R. El bigote de Aznar es algo que roza lo paranormal, porque ha desaparecido, se ha diluido. Ha ganado en canas y ha ido desapareciendo. También es verdad que él ha ido ganando en tono muscular, y ahora aparenta ser más joven que cuando llegó a la presidencia.

P. ¿A qué lo achaca?

R. A que probablemente los conservadores envejecen mejor que los políticos de izquierdas. Y tienen mejor pelo. Es una teoría, ¿eh?

P. Si es por eso, Bono, y luego Iker Casillas, se han implantado de todo y por su orden. Por cierto, ¿a usted no le convendría implantarse un poquito por delante?

R. No. Yo tengo frente despejada, que siempre se ha relacionado con la inteligencia.

P. Dijo en una entrevista: “No aguanto mucho que me toquen los huevos”. Encaja mal la reciprocidad.

R. Sí, pero lo que quería decir es que, por lo general, la gente que viene a saludarte o a pedirte una foto es educada y encantadora, siempre y cuando estén sobrios. Cuando no lo estamos, somos bastante pesados. Yo a los pesados les doy poca cancha.

P. Tan ganso y tan padrazo. Creo que sus niños le tienen sorbido el seso.
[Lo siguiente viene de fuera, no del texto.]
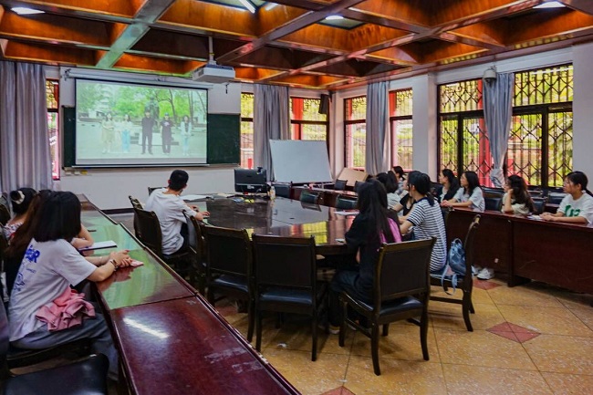 本网讯(文/郑淑瑜 图/叶晓雪)为进一步深入学习贯彻习近平新时代中国特色社会主义思想,5月13日下午,旅游与地理科学学院分党校采取集中和分散相结合的方式,组织学生党员和入党积极分子观看了由武汉大学西迁历史文化保护研究中心在武大西迁旧址——乐山文庙开展的“武大西迁乐山校史讲解”现场直播。其中,学院分党校第47期入党积极分子在实验楼102教室组织进行了集中收看。
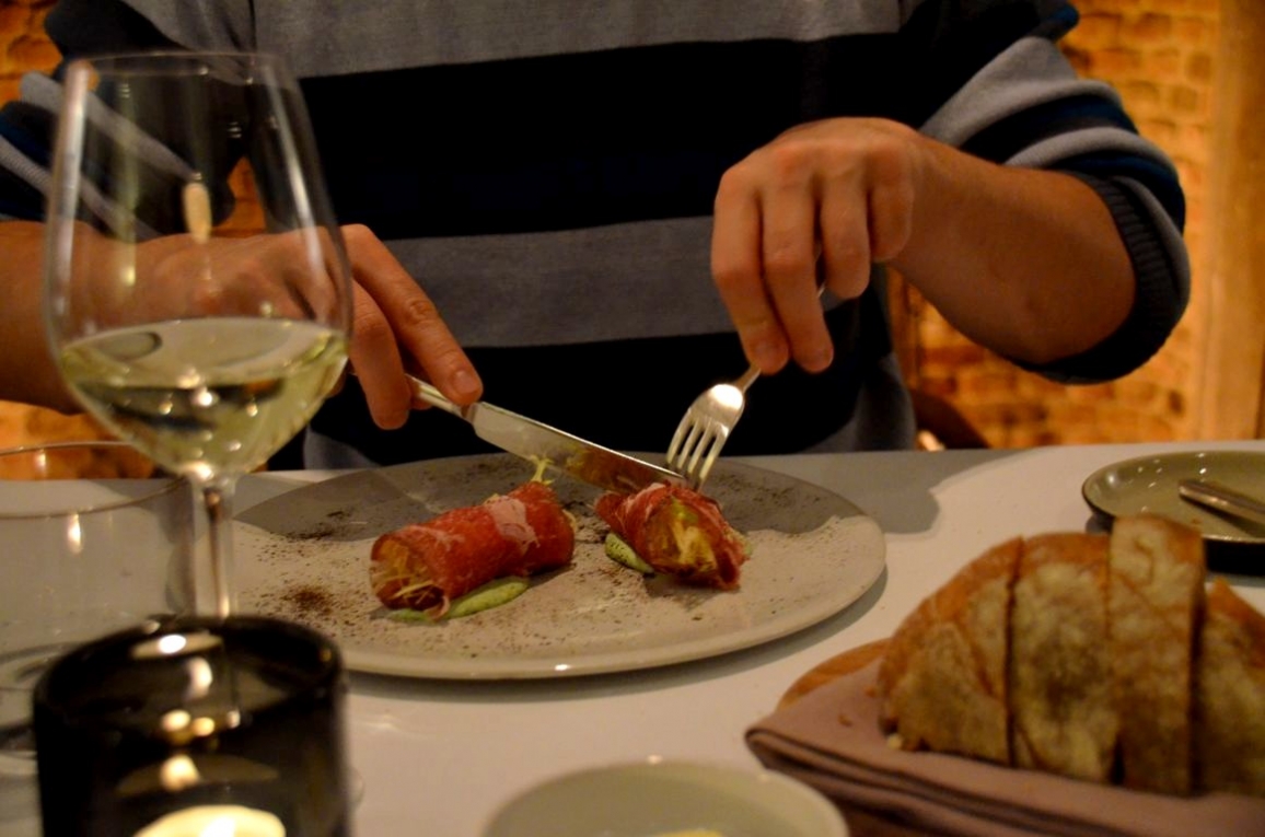 Sur notre table, le menu du jour nous attend. Après quelques mises en bouche, nous commencerons en entrée par un produit très local, le « West-Vlaams Rood », une race de boeuf élevée en Flandre Occidentale, accompagné de pommes de terre, estragon et oignon. Un plat très bien pensé, goûteux, un vrai plaisir.
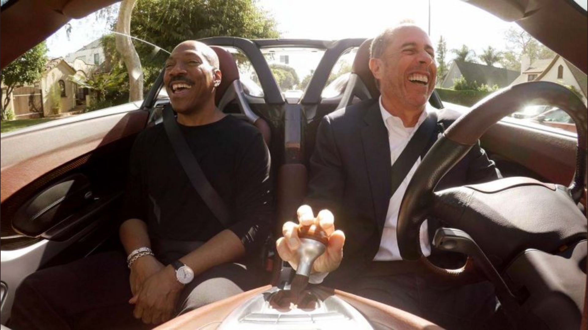 Notable guests include Eddie Murphy in what appears to be a Porsche Carrera GT (peep that wooden shift knob), Seth Rogen, Ricky Gervais in a Rolls-Royce Dawn, Jamie Foxx, Martin Short, and Matthew Broderick. It’s unclear what car Seinfeld chose to pick Ferris freakin’ Bueller up with but we’ll be damned if it wasn’t some sort of ’60s drop-top Ferrari.
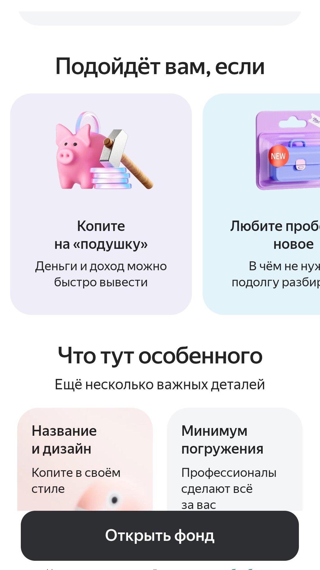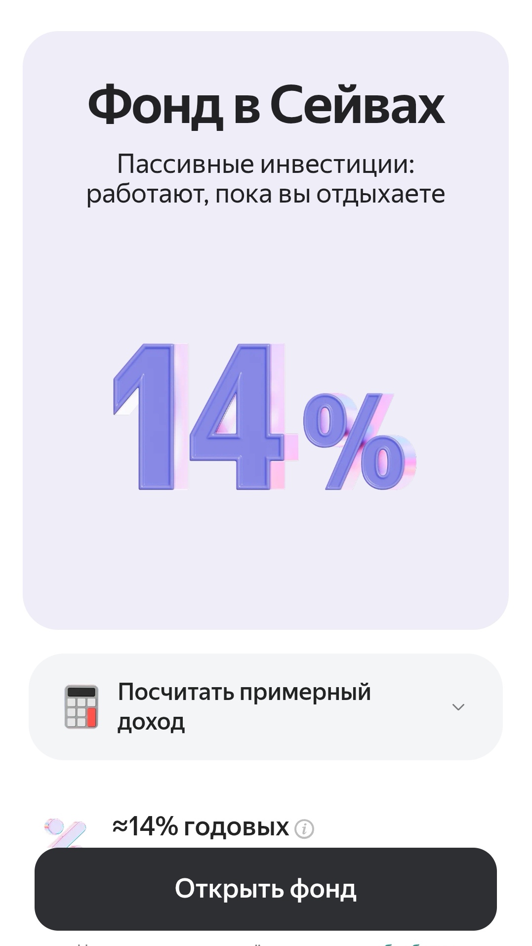 В личном кабинете Яндекс Пэй теперь можно открыть новый Сейв - Фонд.
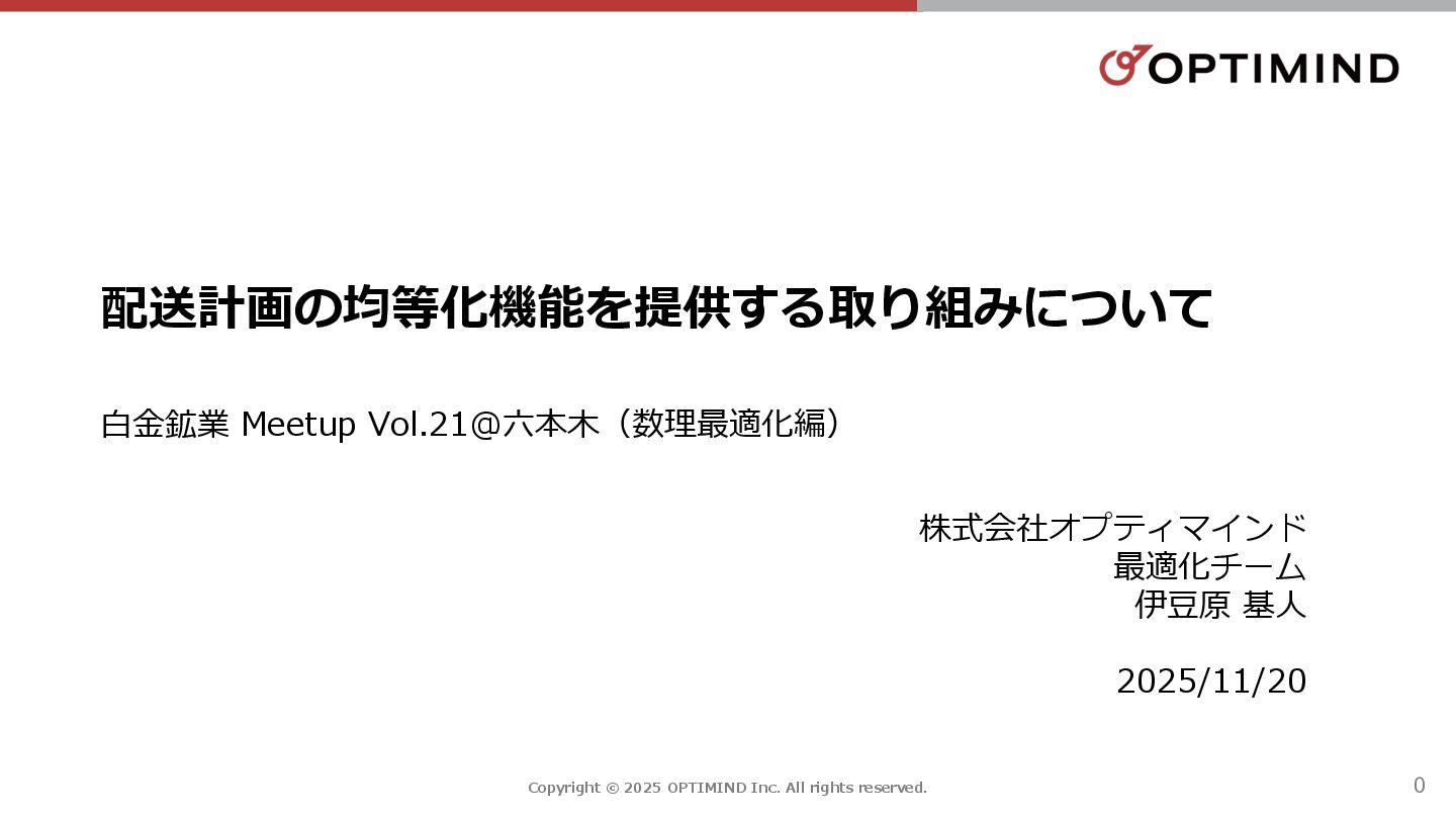 ⽩⾦鉱業 Meetup Vol.21@六本⽊(数理最適化編) 株式会社オプティマインド 最適化チーム 伊⾖原 基⼈ 2025/11/20
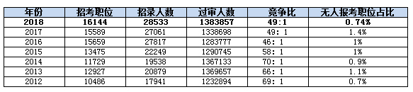 再次從無(wú)人報(bào)考職位來(lái)看,共有119個(gè)職位無(wú)人報(bào)考,占0.74%,比去年降低了一半。而從近7年的數(shù)據(jù)來(lái)看,除了2012年為0.7%,其余年份都比今年高,也可以看出考生報(bào)名更加向著均衡化發(fā)展。
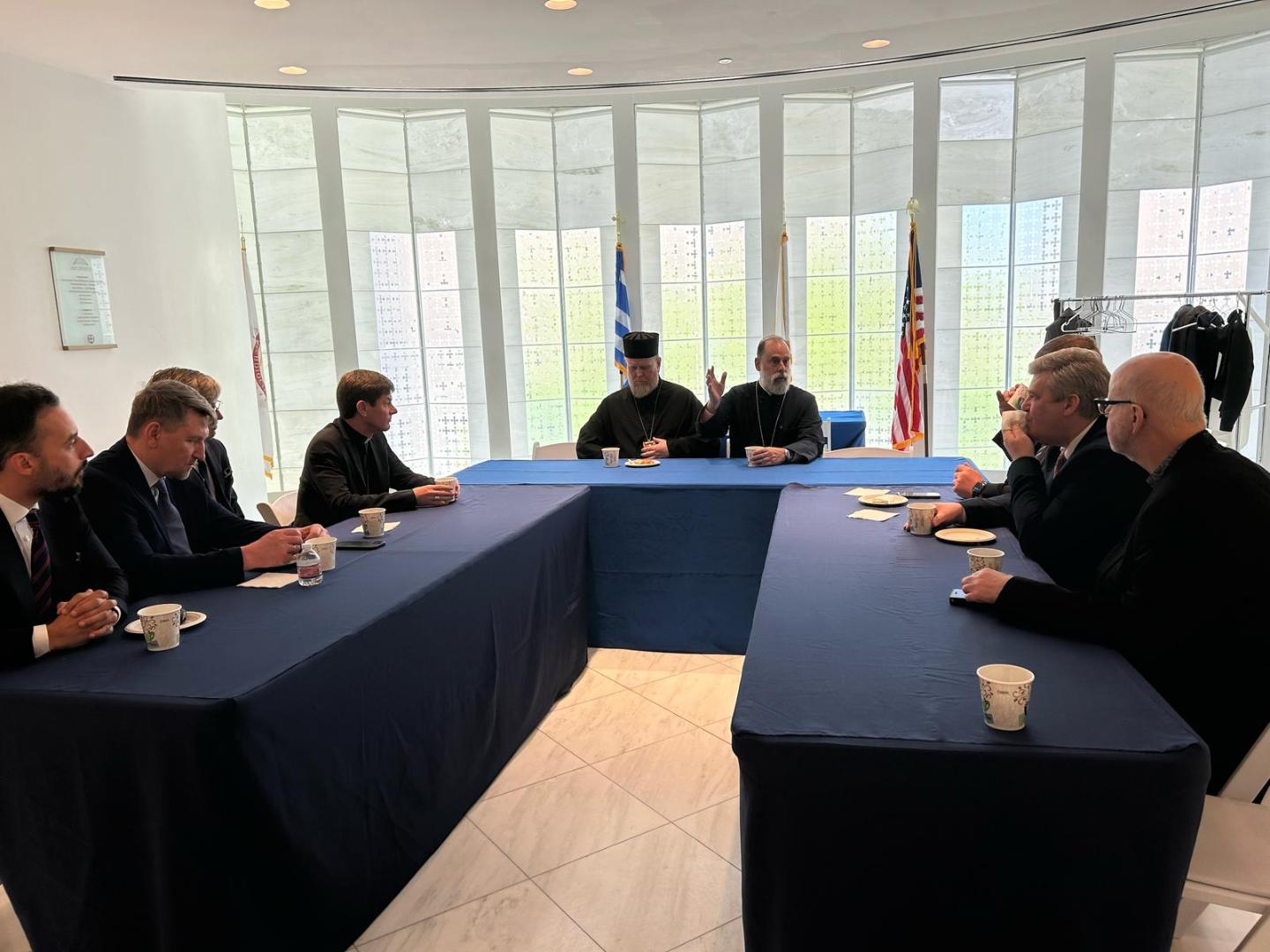 На початку подорожі делегація відвідала грецьку православну церкву Святого Миколая, розташовану безпосередньо біля Меморіалу 11 вересня. Церква була повністю зруйнована під час терактів 11 вересня 2001 року, коли на неї впали вежі. У відбудованій церкві члени Всеукраїнської ради поспілкувалися з грецькою православною громадою про історію її страждань. Зокрема, було обговорено такі питання, як релігійне подолання страждань, надія на новий початок і необхідність миру. Особливе враження на делегацію справили сучасні ікони церкви, що поєднали християнську символіку й події 11 вересня.

R. Totalmente. Me acuesto prácticamente a la misma hora que ellos. Leo un poco y me quedo adormilado. Aunque son pequeños, son conscientes de la profesión de su padre: “Papá es cómico y hace reír a la gente”. Y les encanta.

P. Verá cuando crezcan y reconozcan: “Papá no pega un palo al agua, y vive del cuento”.

R. Aún los tengo engañados en ese sentido. La que trabaja de verdad es mi mujer, que es maestra. Trabaja en algo tangible, que es la educación, aunque a algunos ahora les parezca algo recortable. Pero lo mío es puro vender humo.